Information provided START
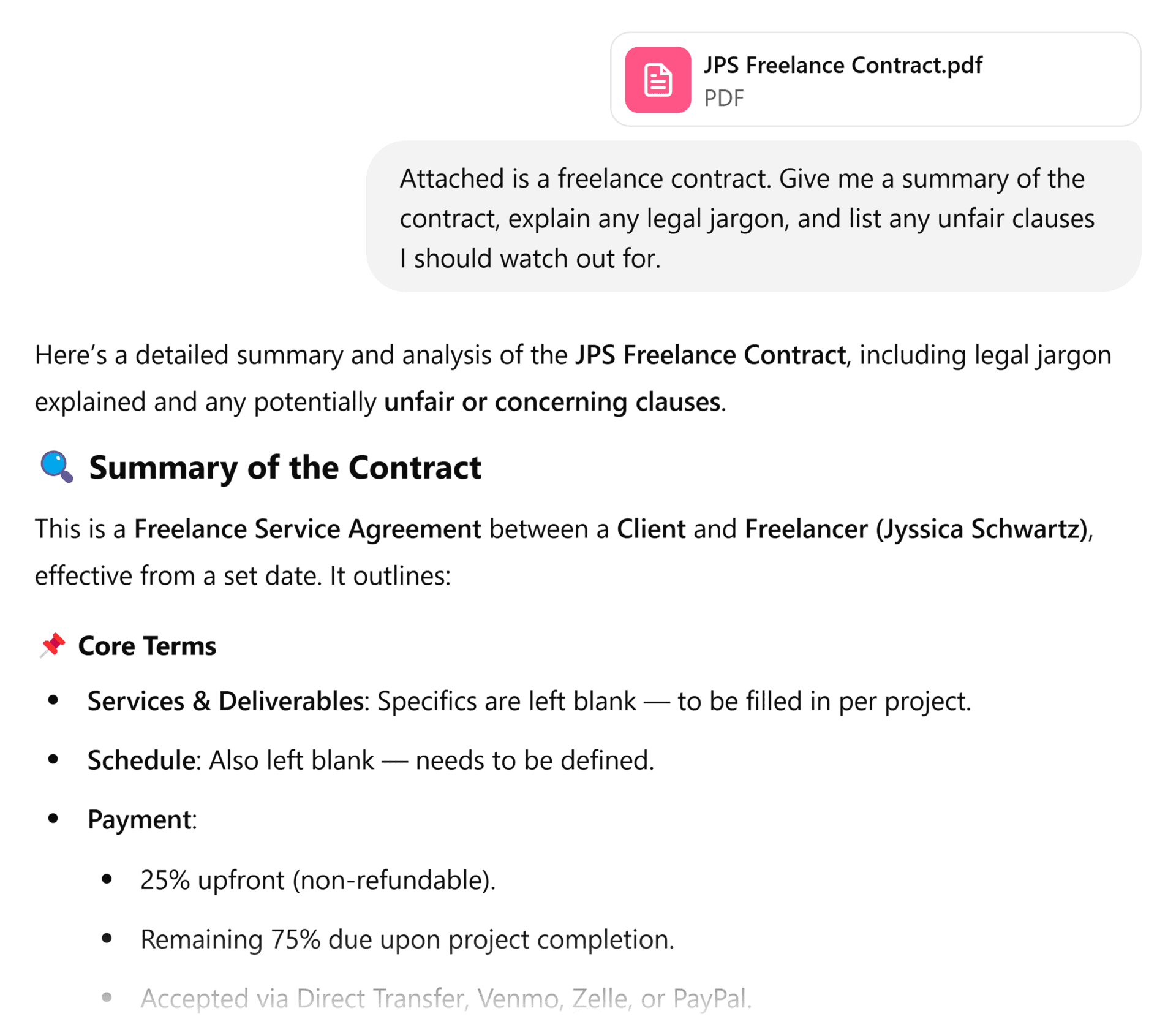 Upload a PDF, like a client agreement, and ask it to explain the legal jargon. Or point out unfair clauses.
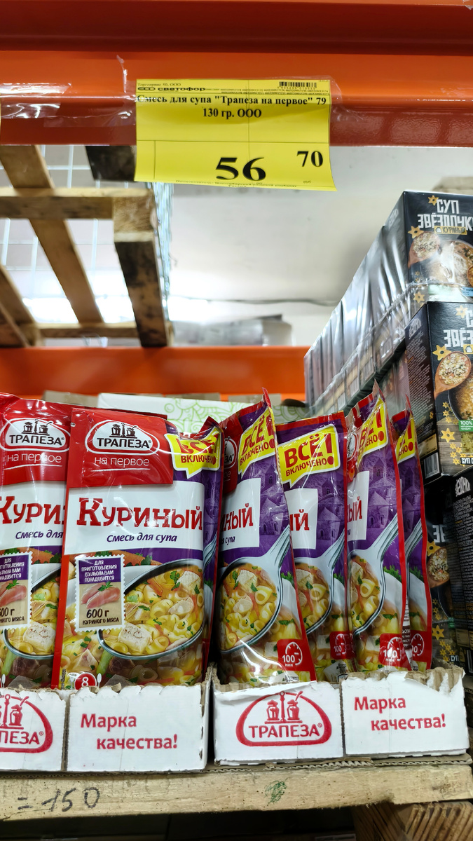 Всем привет! Сегодня буду пробовать куриный супчик бренда "Трапеза на первое", купленный в любимом Светофоре. 56,7 рублей. Даже дешевле Доширака. 8 порций, 2 литра супа на выходе. Для меня это три порции. Всё включено! Всё, да не всё. 600 граммов курицы вынь, да положь. Хаха, 100 минут на приготовление. Можно с голода умереть за это время. В Светофоре был только куриный суп. Но у них ещё много различных вариаций. Наиболее интересна мне была смесь для ухи. Изготовитель: ООО "Новосибирский пищевой комбинат", Новосибирская область. В составе макароны, сушеные овощи, зелень и специи, и морская соль. Вот суп называется куриный. А курицы нету. Если не добавить курицу, то он будет просто макаронный. А курицу ещё где-то добыть нужно. Подробный рецепт приготовления присутствует. Буду его придерживаться. Суп будет вкуснее с хрустящим французским багетом. Конечно, с ним всё будет вкуснее. Только где его взять? Поставил варить бульон из куриной спины и пары крыльев. Пока варился буль
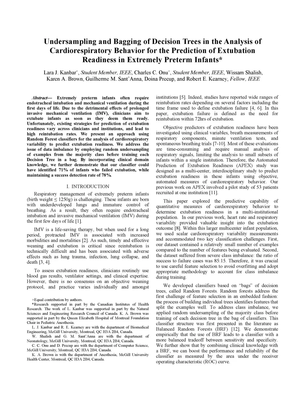 Extremely preterm infants often require endotracheal intubation and mechanical ventilation during the first days of life. Due to the detrimental effects of prolonged invasive mechanical ventilation (IMV), clinicians aim to extubate infants as soon as they deem them ready. Unfortunately, existing strategies for prediction of extubation readiness vary across clinicians and institutions, and lead to high reintubation rates. We present an approach using Random Forest classifiers for the analysis of cardiorespiratory variability to predict extubation readiness. We address the issue of data imbalance by employing random undersampling of examples from the majority class before training each Decision Tree in a bag. By incorporating clinical domain knowledge, we further demonstrate that our classifier could have identified 71% of infants who failed extubation, while maintaining a success detection rate of 78%.
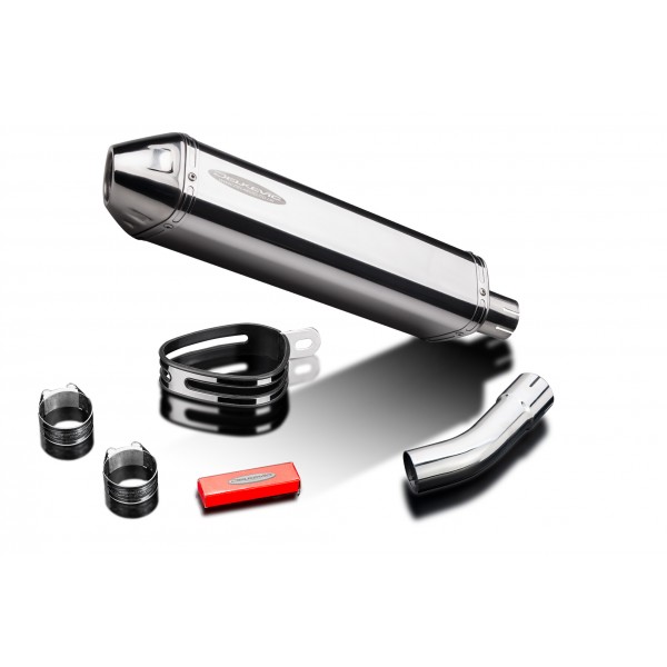 • This set includes - Delkevic silencer with a removable baffle, link pipe, strap, and clamps.
Information provided END
[Description of the task] Restate the listing word for word and drop the pictures.

[Response]
 Upload a PDF, like a client agreement, and ask it to explain the legal jargon. Or point out unfair clauses.
 Всем привет! Сегодня буду пробовать куриный супчик бренда "Трапеза на первое", купленный в любимом Светофоре. 56,7 рублей. Даже дешевле Доширака. 8 порций, 2 литра супа на выходе. Для меня это три порции. Всё включено! Всё, да не всё. 600 граммов курицы вынь, да положь. Хаха, 100 минут на приготовление. Можно с голода умереть за это время. В Светофоре был только куриный суп. Но у них ещё много различных вариаций. Наиболее интересна мне была смесь для ухи. Изготовитель: ООО "Новосибирский пищевой комбинат", Новосибирская область. В составе макароны, сушеные овощи, зелень и специи, и морская соль. Вот суп называется куриный. А курицы нету. Если не добавить курицу, то он будет просто макаронный. А курицу ещё где-то добыть нужно. Подробный рецепт приготовления присутствует. Буду его придерживаться. Суп будет вкуснее с хрустящим французским багетом. Конечно, с ним всё будет вкуснее. Только где его взять? Поставил варить бульон из куриной спины и пары крыльев. Пока варился буль
 Extremely preterm infants often require endotracheal intubation and mechanical ventilation during the first days of life. Due to the detrimental effects of prolonged invasive mechanical ventilation (IMV), clinicians aim to extubate infants as soon as they deem them ready. Unfortunately, existing strategies for prediction of extubation readiness vary across clinicians and institutions, and lead to high reintubation rates. We present an approach using Random Forest classifiers for the analysis of cardiorespiratory variability to predict extubation readiness. We address the issue of data imbalance by employing random undersampling of examples from the majority class before training each Decision Tree in a bag. By incorporating clinical domain knowledge, we further demonstrate that our classifier could have identified 71% of infants who failed extubation, while maintaining a success detection rate of 78%.
 • This set includes - Delkevic silencer with a removable baffle, link pipe, strap, and clamps.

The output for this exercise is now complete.